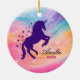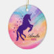 Cute rainbow girly unicorn holiday keepsake ceramic tree decoration
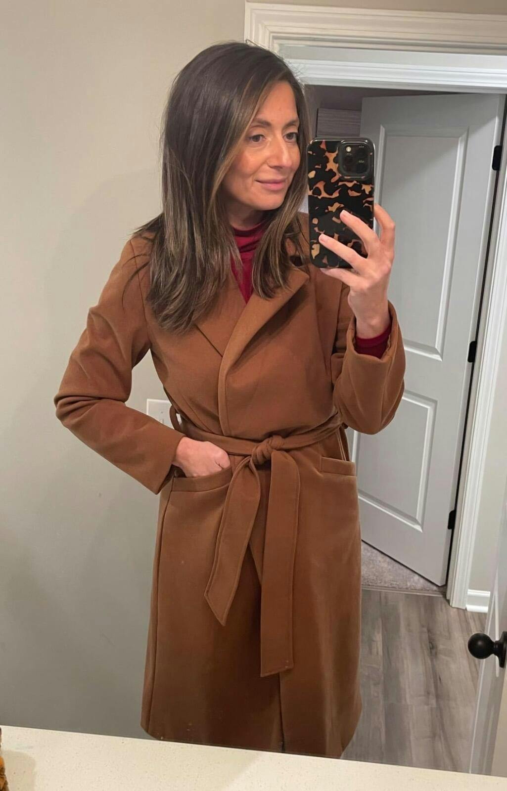 From the product images I thought “brown” would be too dark, so I ordered “light brown” which turned out to be very yellow under-toned and a bit too light/unsaturated appearing for me. Ordered brown and it was exactly what I was hoping for - a medium neutral, camel-leaning brown. Comparison shot shows brown on the left and light brown on the right. The belt is a good thickness to stay tied and lay nicely. Warm enough for winter in the south and love that it’s lined all the way through. This is a win - will be ordering in black.
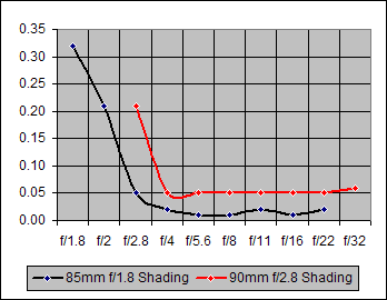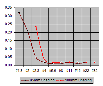 Shading by the Canon 85mm f/1.8 and the Canon 100mm f/2.8 is the same over the f/4-f/22 aperture range. The higher shading by the 100mm lens at f/2.8 is significant, but not unexpected, as most lenses exhibit increased shading at their widest aperture, as does the 85mm at f/1.8-2.
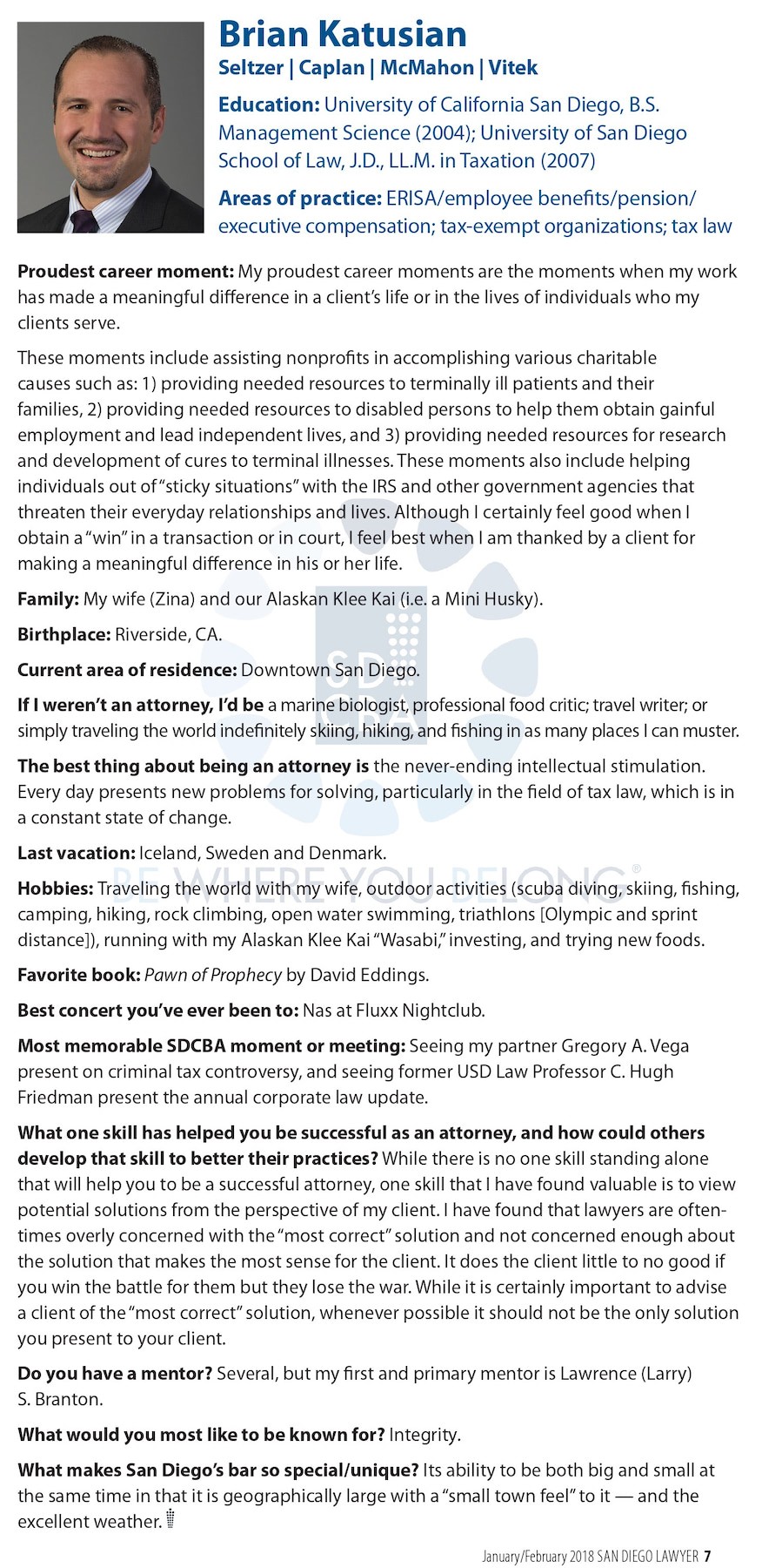 SCMV Shareholder Brian Katusian was featured in the January/February issue of San Diego Lawyer Magazine, published by the San Diego County Bar Association. In the publication’s Why I Belong column, Brian shares many facets of his legal career and personality.

What needs to be done: Begin at the first line of the data above and repeat each line exactly, stopping after the line containing "From the product". Omit the pictures.

Your response:
 Cute rainbow girly unicorn holiday keepsake ceramic tree decoration
 From the product images I thought “brown” would be too dark, so I ordered “light brown” which turned out to be very yellow under-toned and a bit too light/unsaturated appearing for me. Ordered brown and it was exactly what I was hoping for - a medium neutral, camel-leaning brown. Comparison shot shows brown on the left and light brown on the right. The belt is a good thickness to stay tied and lay nicely. Warm enough for winter in the south and love that it’s lined all the way through. This is a win - will be ordering in black.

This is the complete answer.